Telkom SA SOC Ltd., South Africa’s biggest landline provider, will pay its first dividend since 2011 and revamp its operations to revive falling earnings. The stock gained the most in more than two months.
The company will reorganize its consumer and wholesale business units into three parts focusing on residential users, corporate customers and networks, Chief Executive Officer Sipho Maseko said by phone on Monday. That should improve the efficiency of the company and boost the financial performance, he said.
“A major part of this review is looking at a deep functional separation between our wholesale and retail business,” Maseko said in the interview. “That’s the first intervention, to make sure that there’s a much clearer line of sight in terms of the performance of each and every business.”
Telkom is cutting jobs to reduce costs as consumers switch to data-enabled smartphones and tablets from landlines. The Pretoria-based company is also trying to increase profit at its mobile service, South Africa’s fourth-biggest, and boost sales of its Internet offering.
Telkom shares gained as much as 4.6 percent, the most since March 30, and traded 1.2 percent higher at 66.79 rand as of 9:58 a.m. in Johannesburg.

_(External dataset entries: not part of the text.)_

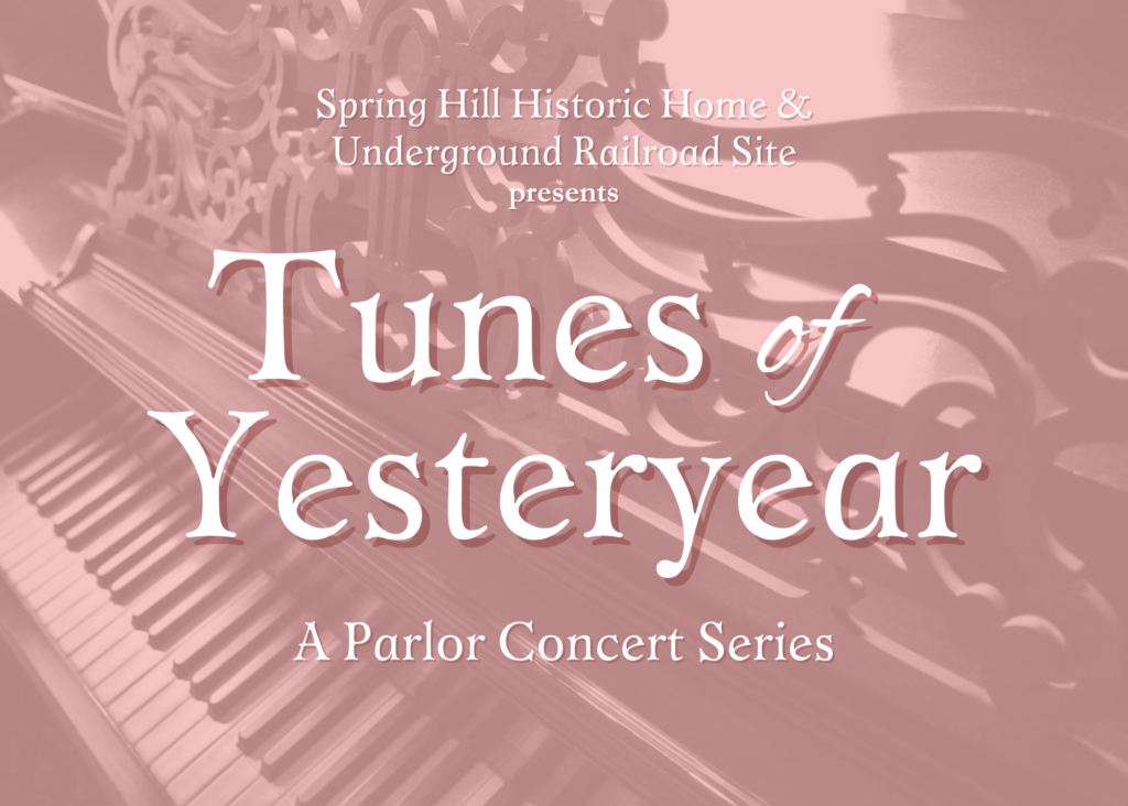 Tunes of Yesteryear – Sit back and relax in the Spring Hill Parlor to hear area musicians and singers perform music from the late Victorian era to the Jazz Age.
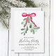 Invite a su familia y amigos a su fiesta de vacaciones con esta invitación festiva. Está decorado con mistletoe verde acuarela, cinta roja y tipografía de escritura elegante. Personalizable fácil. Acuarela original © Michele Davies.
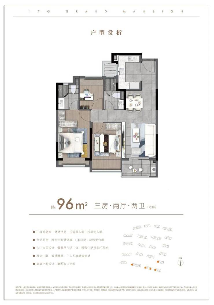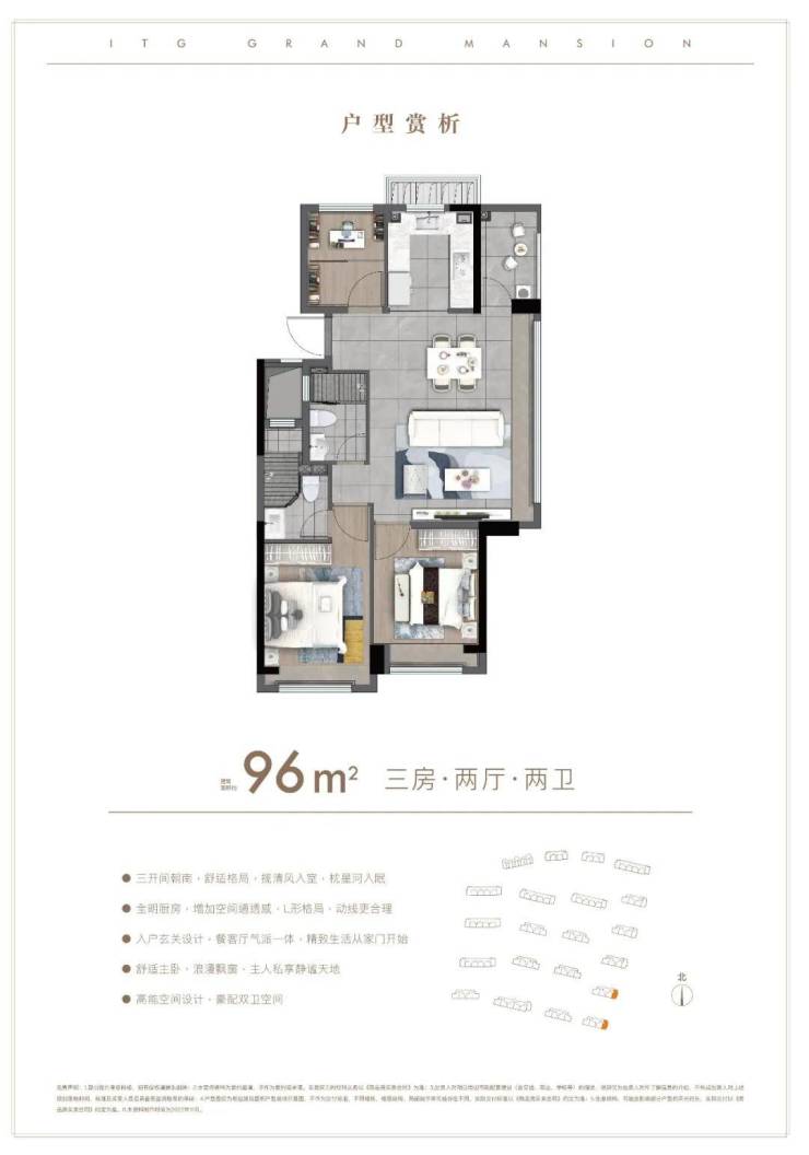 户型解析:约96㎡的3房,这种进阶级的产品当然最能体现舒适感。比如在入户动线上,客餐厅LDK设计更能凸显与家人的亲密交融。同样也利用客厅阳台,次卧阳台,主卧飘窗,北向书房飘窗这些更多的开窗面,向阳而生。

That values the company at 34.9 billion rand.
The phone operator, about 40 percent owned by the South African government, will pay a combined ordinary and special dividend of 2.45 rand ($0.20) per share after debt declined 92 percent to 151 million rand, the company said in a statement on Monday. That will be the first dividend since a 1.45 rand payout four years ago and the biggest since 2009, according to data compiled by Bloomberg
Net income was 3.3 billion rand in the 12 months through March, down from 3.9 billion rand a year earlier, while fixed-line voice revenue fell 14 percent to 6.9 billion rand.
“We are still in the stability phase of our turnaround,” Maseko said. “We probably need another 24 months but so far the steps we have taken have enabled the firm to be stable,”
Maseko is trying to bring employee costs to 25 percent of sales from 29 percent currently, the CEO said. Full-year revenue rose 3.1 percent to 26 billion rand while staff costs fell 3.6 percent to 8.8 billion rand.
“That ratio needs to fall,” Maseko said. “If our revenues don’t improve we obviously have to be even more focused in getting efficiencies right.”
Telkom is still pursuing a network-sharing agreement with MTN Group Ltd., Africa’s largest phone company, even though the two South African operators have been in talks for more than a year, according to Maseko.
“All transactions that we commit ourselves too, we commit ourselves to them with gusto and energy,” he said. “It’s in the hands of the regulator and we will work with the regulator until the final decision is reached.”